Recently, diabetes has been declared a public health emergency in both the United States and around the world. The Centre for Disease Control and Prevention states that over thirty million people in the US alone are living with diabetes. Though the treatment plans for the disease have become more common, the number of cases and deaths caused by it seem to be increasing instead of going down.
In the latest Mayo Clinic Proceedings, one of the major reasons for this is stated to be the cost of insulin. For people with diabetes, insulin injections are required several times especially in type 1 of the disease. For patients of diabetes type 1, insulin is fundamental since their bodies stop the production of the hormone almost completely.
Insulin is a hormone naturally produced by the body to regulate blood glucose levels effectively. Malfunction in the hormone’s production can lead to a number of complications. In diabetes type 1, the affected person’s pancreas, the organ primarily responsible for insulin production, stops functioning normally. Hence the body produces little or no insulin.

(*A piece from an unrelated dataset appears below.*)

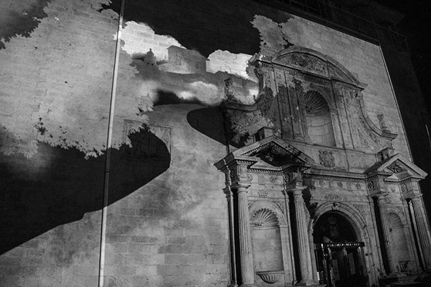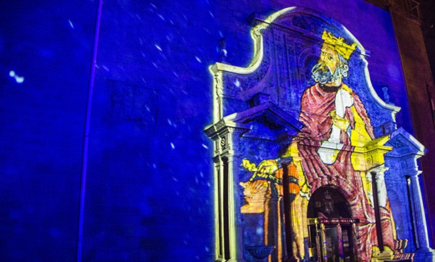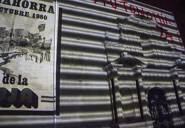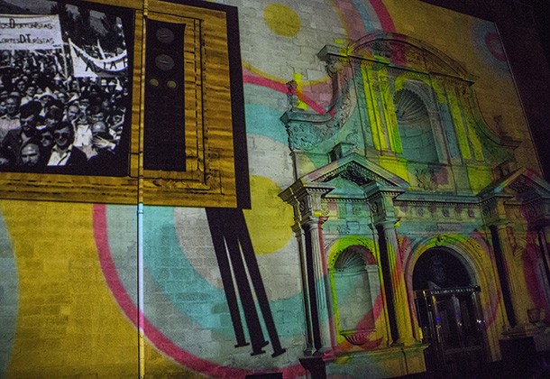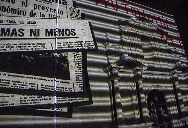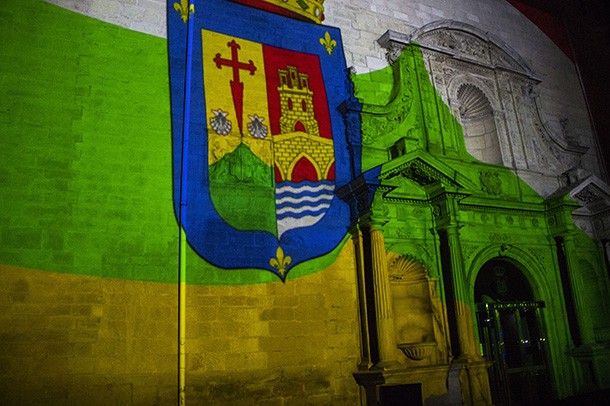 La proyección de un videomapping en la fachada principal del edificio sobre la historia del antiguo Convento de la Merced cerró la inauguración de la exposición y de la celebración del 30 aniversario del Convento de la Merced. como sede del Parlamnto de La Rioja. Un edificio que cuenta, sillar a sillar la historia de la región. /Javi Muro

Diabetes type 2 patients, in comparison, are recommended to make lifestyle and diet changes for reversing the disease. However, some cases of type 2 diabetes also require insulin injections along with the suggested changes.
The latest Mayo Clinic Proceedings show that insulin, despite its widespread use in the United States, is ten times more expensive in comparison with any other developed countries around the globe. These rising prices of the essential hormone can, in turn, take a toll on people living with diabetes type 1 as many of them are not able to afford it.
As a result, a big number of patients do not take as many insulin injections as they are prescribed by their doctor. The proceedings suggest that such rationing can cause life-threatening complications.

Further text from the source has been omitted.